ANDERSON: Very frustrated about the delay in getting them off. There are, though, hundreds of people still on those ships. We'll get you more

information as, of course, we get it. These are the departing passengers from the cruise ship there that are leaving the ship on the way to the

airport.

(BEGIN VIDEO CLIP)

CELESTE BARBER, COMEDIAN: They are the ones who have saved us. They are the ones who actively go out and help. They are the ones --

(APPLAUSE)

BARBER: -- they are the ones that cancel holidays to stay here and look after us.

ANDERSON (voice-over): Comedian Celeste Barber served as host of Fire Fight Australia, a 10-hour rock concert to honor the country's firefighters,

raise money for bush fire relief and celebrate Australia's resilient spirit.
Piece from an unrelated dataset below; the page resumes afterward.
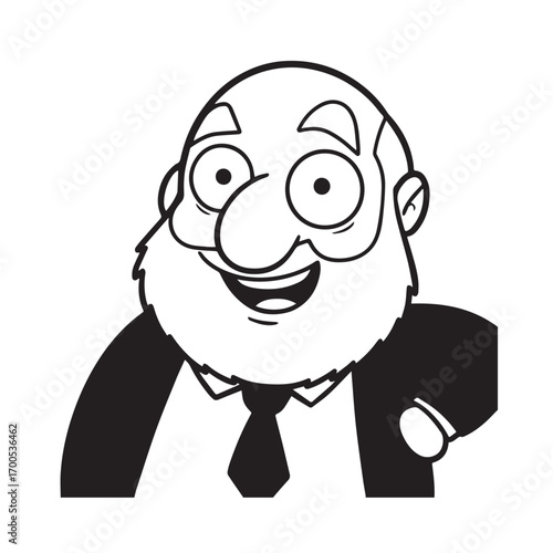 © Fakhrudin, Obraz premium Old man with formal suit black and white vector illustration for classic portrait artwork design

Queen and Adam Lambert performed their set list from 1985's Live Aid. Aussie sweetheart Olivia Newton John mesmerized the crowd. By the end of

the show, Fire Fight Australia raised more than $9 million.

(END VIDEO CLIP)

ANDERSON: Australia experiences bush fires every year but it is the intensity of this season that shook the world. It's part of climate change

patterns shattering weather records on every continent. One of those places is Europe, which is now dealing with its own extreme weather.

Two weekends in a row of powerful winter storms striking the U.K. and mainland Europe's northern coast. This type of weather usual for this time

of year but it is the intensity, again, that goes beyond the norm. Let me tell you, it is unpleasant here this weekend in London.

I'm Becky Anderson. That was CONNECT THE WORLD. Thank you for watching.